Leo's chest tightened. He closed the book, his hand trembling slightly. These people hadn't just been victims. They had been survivors. They had fought. They had hoped. And then their [Bio-Energy] had been set to zero.

He shoved the journal into his pocket. A grim reminder.

He walked back out into the main cafeteria. Ben had managed to get a few more lights on, running them off a series of interlinked backup batteries. The room was now brightly, horribly lit, revealing the true extent of the carnage. The dried husks of the former employees, their faces locked in silent screams, seemed to watch them.

"Okay," Chloe said, zipping a second full duffel bag. "I think this is it. We have enough food and water for at least a week, maybe more if we're careful. The first-aid supplies are topped up." She looked at the team, her gaze lingering on each of them. "We did good."

It was true. They had faced a nightmare and won. They were stronger, better equipped, and hope—fragile as spider silk but there, undeniably there—threaded through the group.
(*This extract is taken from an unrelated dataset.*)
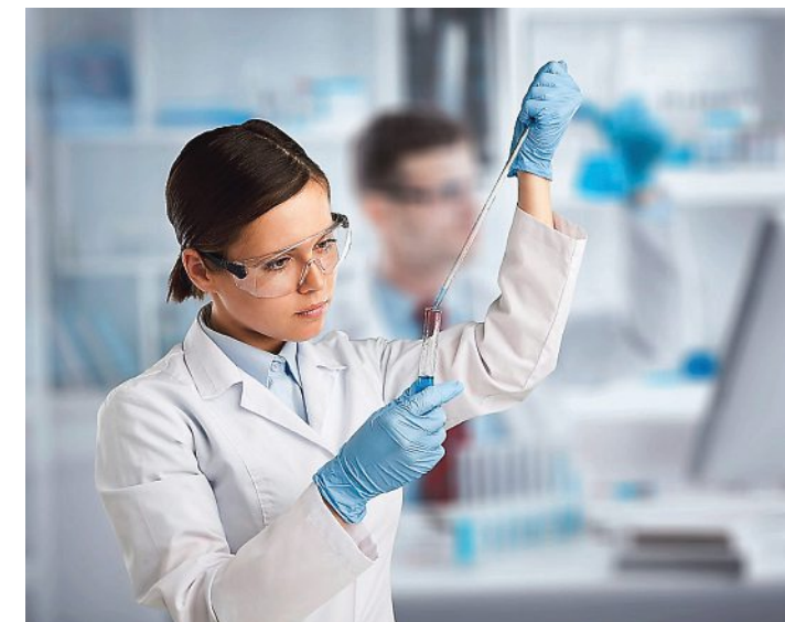
Die EU plant Gentechnik-Anschlag auf unsere Biobauern

Was ihn erzürnt: „Die Konsumenten zahlen bewusst mehr für nachhaltig erzeugte Lebensmittel und haben dann trotzdem Gentechnik auf dem Teller.“ Mit Fairness habe das nicht das Geringste zu tun. Das sei nichts anderes als ein neuer Kniefall vor den milliardenschweren Agrokonzernen – auf Kosten der „sauberen“ heimischen Landwirtschaft und auch ihrer Kunden. Sidl ruft im Lichte laufender Verhandlungen (als nächstes am 7. November) alle Parlamentarier in Brüssel zum Widerstand auf. M. Perry

But as Leo looked at the barricaded doors, a new kind of dread settled in. They had a fortress. They had supplies. For the first time since G-Day, they were relatively safe.

"So… what now?" Ben asked, the question hanging in the air. "Do we… stay here? Fortify this place?"

It was the sensible option. The safe option. A defensible position, a stockpile of resources. It was everything they had been fighting for.

And Leo knew, with a certainty that chilled him to the bone, that it was the worst thing they could possibly do. Because he understood the System now. It wasn't just a disaster. It was a program. And programs had updates. They had patches. And sometimes… they had scheduled purges for processes that had stopped responding.

Hiding was just waiting to be deleted.